▶ _Work order_:
The pictures stay out; all of the data is to be printed exactly.

▶ _Source material_:
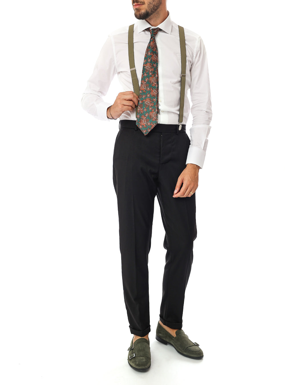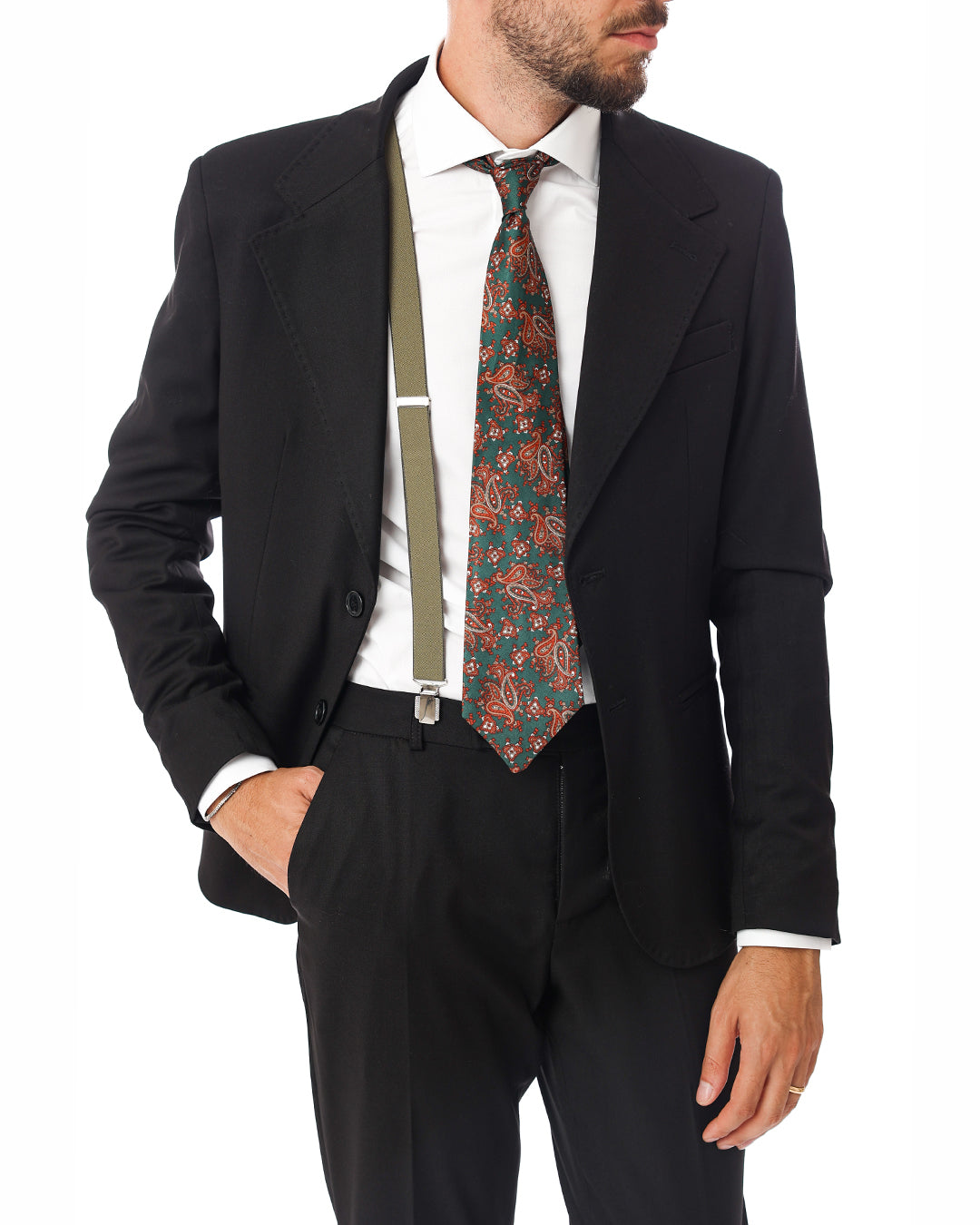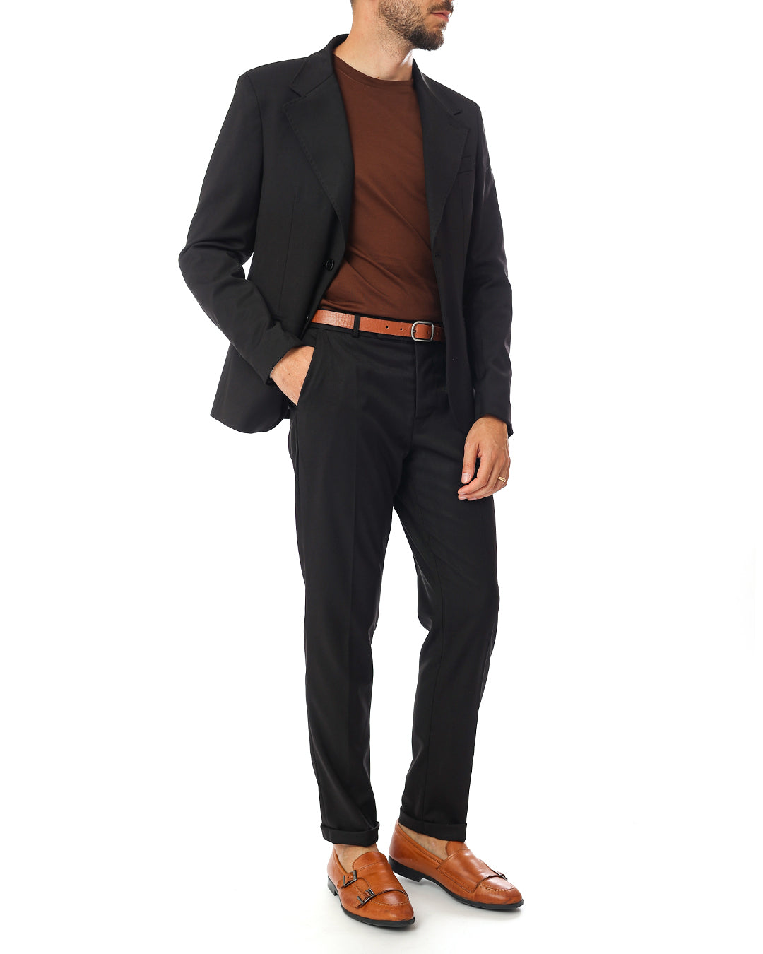 Abito monopetto con revers dentellato da 10cm slim fit. Il modello in foto indossa una 46 è alto 1.70m e pesa 65 kg
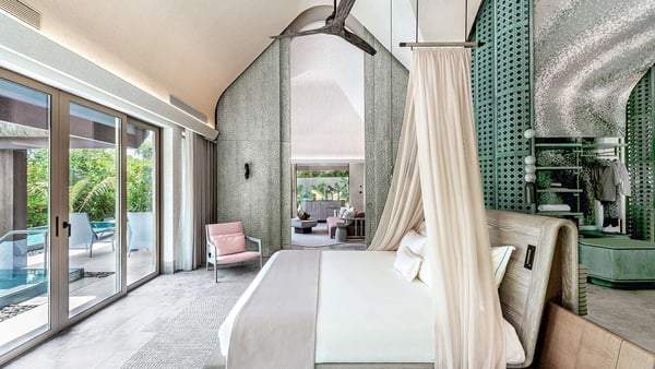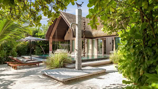 Offering toes-in-the-sand adventures, these island sanctuaries are ideal for those seeking the sunny side of life in the Maldives. With sea, sun and sky all around you, there is little reason to leave your private wellbeing retreat. Featuring a 35 square metre infinity pool, rain shower and outdoor sunken bathtub, the grand beach villa can accommodate up to three guests.
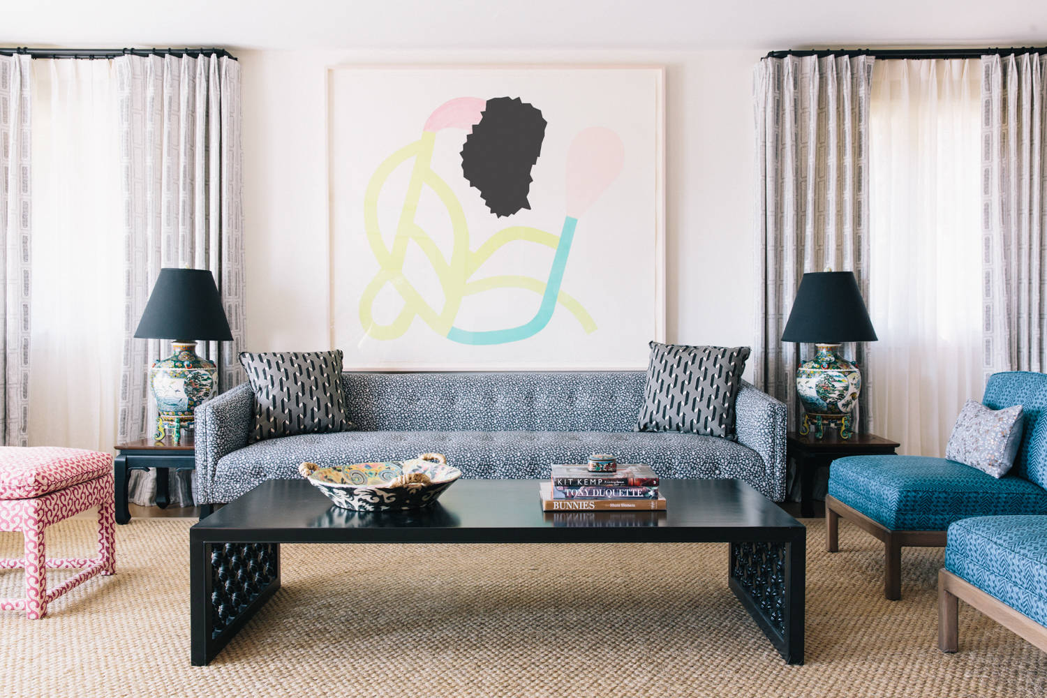 Sofa: vintage, covered in Casamance fabric; art: Jaime Angelopoulos; blue chairs: vintage, covered in Luxor fabric by Lisa Fine; ottoman: vintage, covered in Seema Krish fabric; drapes: fabric by Martyn Lawrence Bullard, fabricated by Susan Lind Chastain; rug: Stark
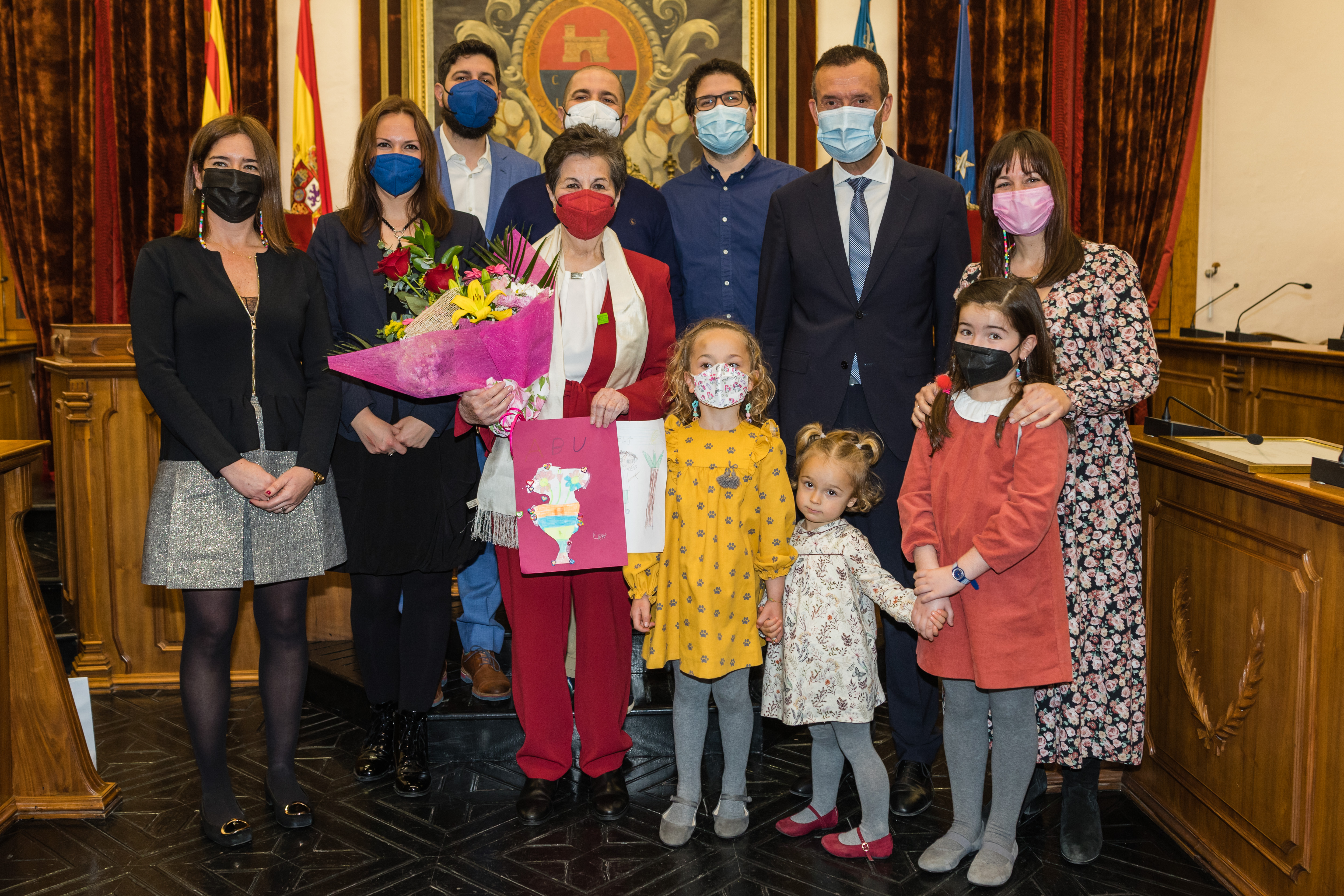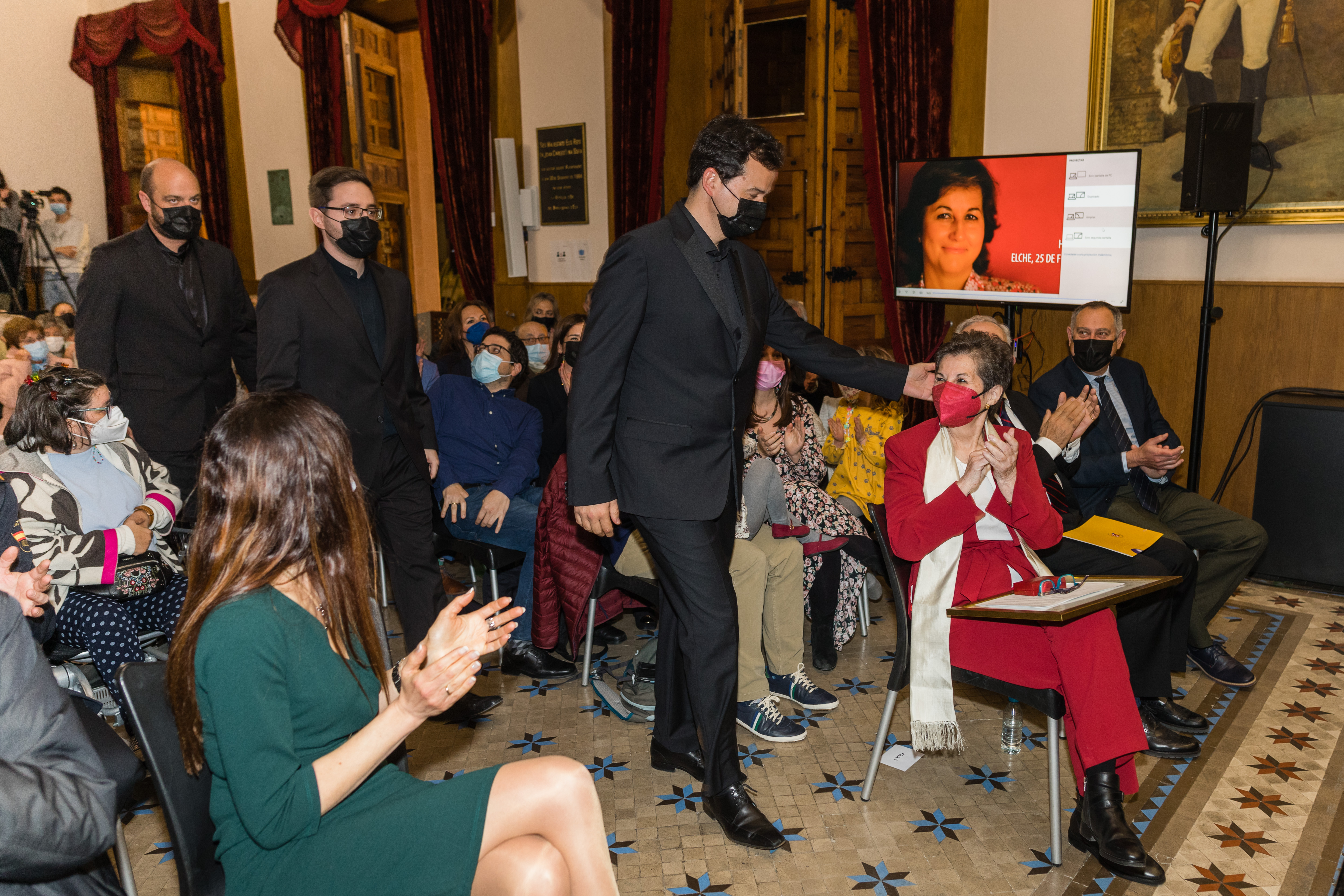 Tras ese momento tan emotivo y significativo, la Hija Predilecta de Elche, María Ángeles Sánchez ofrece sus palabras de agradecimiento, tras su discurso vuelve de nuevo con el resto de sus invitados.

▶ _Solution for this problem_:
 Abito monopetto con revers dentellato da 10cm slim fit. Il modello in foto indossa una 46 è alto 1.70m e pesa 65 kg
 Offering toes-in-the-sand adventures, these island sanctuaries are ideal for those seeking the sunny side of life in the Maldives. With sea, sun and sky all around you, there is little reason to leave your private wellbeing retreat. Featuring a 35 square metre infinity pool, rain shower and outdoor sunken bathtub, the grand beach villa can accommodate up to three guests.
 Sofa: vintage, covered in Casamance fabric; art: Jaime Angelopoulos; blue chairs: vintage, covered in Luxor fabric by Lisa Fine; ottoman: vintage, covered in Seema Krish fabric; drapes: fabric by Martyn Lawrence Bullard, fabricated by Susan Lind Chastain; rug: Stark
 Tras ese momento tan emotivo y significativo, la Hija Predilecta de Elche, María Ángeles Sánchez ofrece sus palabras de agradecimiento, tras su discurso vuelve de nuevo con el resto de sus invitados.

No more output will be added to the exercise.